This tool helps to control the retry-behaviour in external-task-handlers based on the official java-client provided by Camunda BPM.
- Retry-behaviour for external-tasks can be configured in process-models as known from
JavaDelegates
likeR3/PT1M
, meaning three times each after one minute - Every
Exception
leads to a retry - no manual handling within handlers necessary - Special error-type to force instant incidents - skipping any retry-behaviour
- Additional error-type to create a business-error, which must be handled in process
- Configurable default retry-behaviour
- Besides the
camunda-external-task-client
dependency, the following maven-coordinate needs to be added to thepom.xml
. As aspring-boot-starter
, the aspect will be loaded automatically as soon as the handler-application starts:
<dependencies>
<!-- works either with the original external-task-client... -->
<dependency>
<groupId>org.camunda.bpm</groupId>
<artifactId>camunda-external-task-client</artifactId>
<version>...</version>
</dependency>
<!-- ...or with new spring-boot-starter-external-task-client since version 7.15.0 -->
<dependency>
<groupId>org.camunda.bpm.springboot</groupId>
<artifactId>camunda-bpm-spring-boot-starter-external-task-client</artifactId>
<version>...</version>
</dependency>
<!-- finally: the retry-aspect itself -->
<dependency>
<groupId>de.viadee.bpm.camunda</groupId>
<artifactId>external-task-retry-aspect-spring-boot-starter</artifactId>
<version>...</version>
</dependency>
</dependencies>
-
Add extension-property to an external-task:
- The property-name is configurable (see below), default:
RETRY_CONFIG
- Possible values might be, default:
R3/PT5M
R1/P1D
: 1 retry after 1 dayR2/PT2H
: 2 retries after 2 hours eachR3/PT3M
: 3 retries after 3 minutes eachPT5M,PT10M,PT20M,PT1H,PT12H,P1D
: 6 increasing retries; 5, 10, 20 minutes, 12 hours, 1 day
- The property-name is configurable (see below), default:
-
Make sure, the
ExternalTaskHandler
is capable to access extension-properties :
public class HandlerConfig {
@Autowired // e.g. spring component
private ExternalTaskHandler myExternalTaskHandler;
public void openHandler() {
new ExternalTaskClientBuilderImpl()
.baseUrl("http://camunda/engine-rest").build()
.subscribe("worker-topic")
.handler(myExternalTaskHandler) // injected spring component
.includeExtensionProperties(true) // important, bc. the default: false
.open();
}
}
Alternatively, if using spring-boot-starter-external-task-client
, activate extension-properties e.g. in the application.yaml (more information):
camunda.bpm.client:
subscriptions:
worker-topic:
include-extension-properties: true
These properties are available, they can be set e.g. in application.properties
:
# Default retry-behaviour, if no retry is configured.

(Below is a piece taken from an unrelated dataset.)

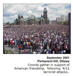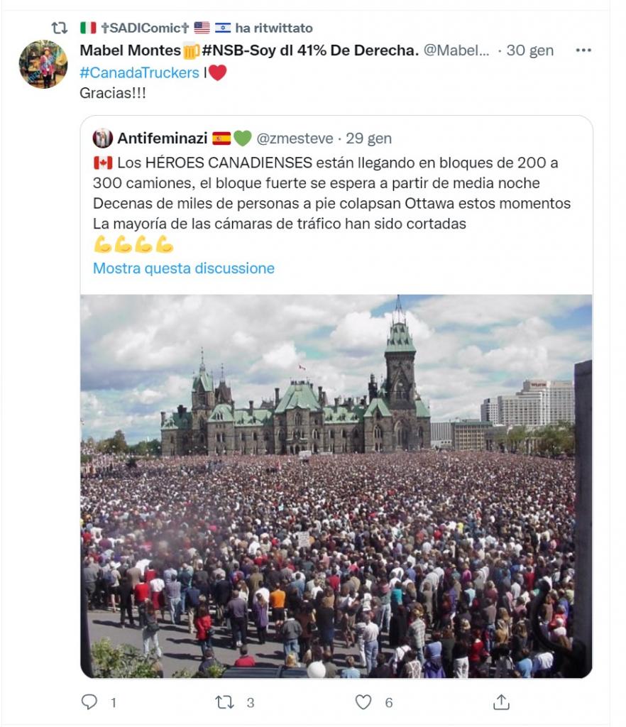 C’è solo un problema, Ottawa è sotto la neve e ci sono -9°. Quella gente è per la maggior parte in abbigliamento primaverile, felpa e pantaloni leggeri. Di neve in quell’immagine non c’è traccia. Sia chiaro, questo non significa che non ci siano proteste a Parliament Hill, ce ne sono, come dimostra la gallery in quest’articolo. Ma la folla è meno oceanica (sia chiaro, a vedere negli articoli sono comunque tanti) di quanto l’immagine qui sopra voglia fra credere. Siccome la foto non salta fuori con TinEye o con Google Lens se non collegata alle attuali proteste, è evidente che chi l’ha condivisa per primo è in possesso dell’originale che ha ricavato probabilmente da un video che inquadra chissà quale evento nella stessa piazza la folla che si era riunita a settembre 2001 in segno di fratellanza con la popolazione americana dopo gli attentati dell’11 settembre, come dimostra questo screenshot recuperato dal nostro Thomas The Biker ad articolo già pubblicato: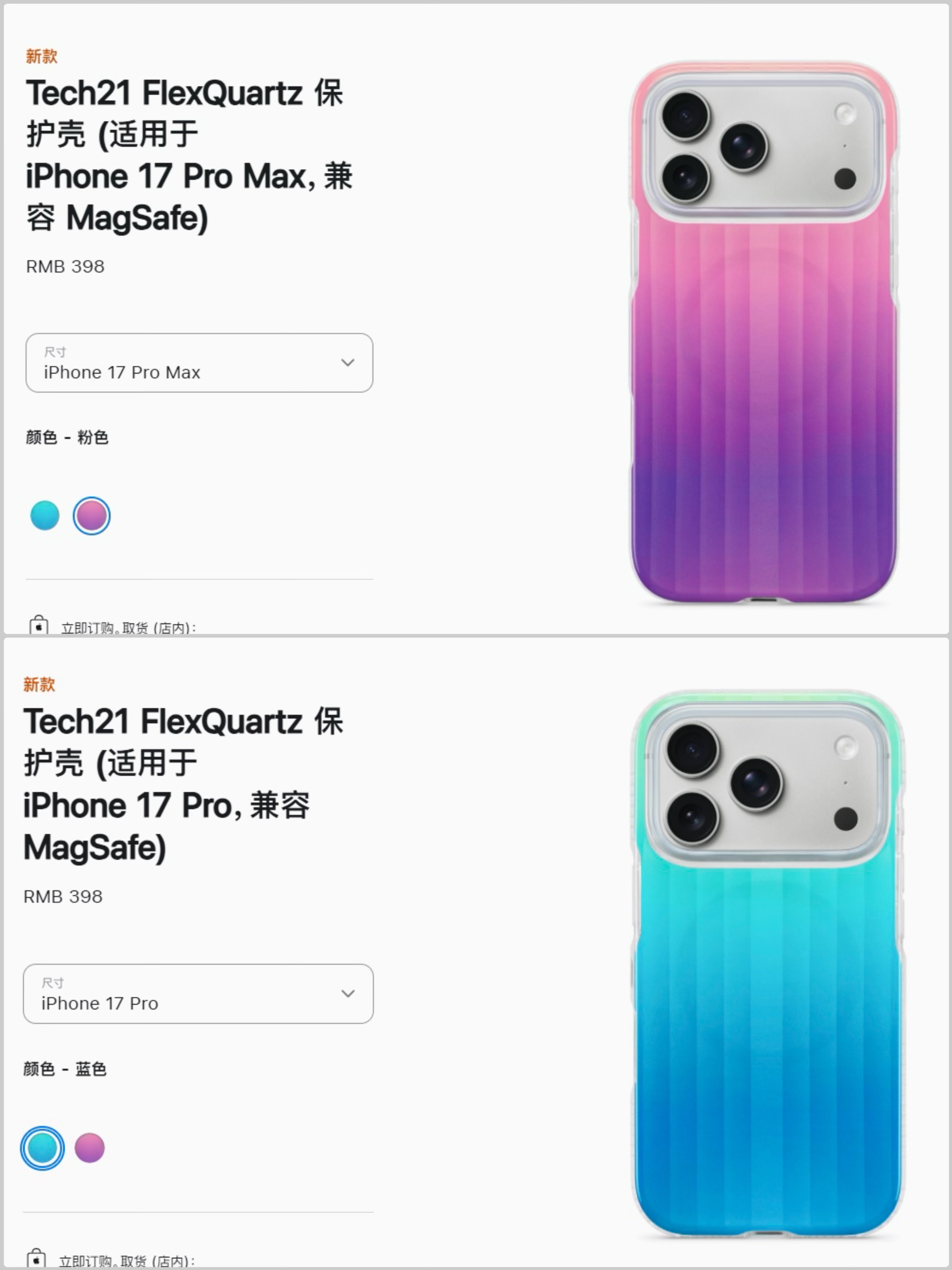 Tech21 FlexQuartz 保护壳这款保护壳提供了粉/蓝这两款配色,且均为渐变色;采用FlexShock™材料制成,官方号称可提供4.9米处多次跌落冲击防护;保护壳支持MagSafe功能,国行售价398元。

# Whenever this property is configured incorrectly, 'R3/PT5M' is also used as fallback
de.viadee.bpm.camunda.external-task.retry-config.default-behavior=R3/PT5M
# Identifier used in bpmn-extension-properties, default=RETRY_CONFIG
de.viadee.bpm.camunda.external-task.retry-config.identifier=RETRY_CONFIG
A comparison of some ConventionalHandler
with an AspectedHandler
explains how the error-handling
can be completely left out, because anything is done by the retry-aspect
:
@Component
public class ConventionalHandler implements ExternalTaskHandler {
public void execute(ExternalTask task, ExternalTaskService service) {
try {
// do some business-logic and complete if fine...
service.complete(task);
// ...or maybe end with some bpmn-error, that has to be handled within process
service.handleBpmnError(task, "bpmn-error-code");
} catch (Exception error) {
// catch errors and think about retries and timeout
service.handleFailure(task,
"error-message", // shown in Camunda Cockpit
"error-details", // e.g. stacktrace, available in Camunda Cockpit
task.getRetries() - 1, // how many retries are left? (initial null)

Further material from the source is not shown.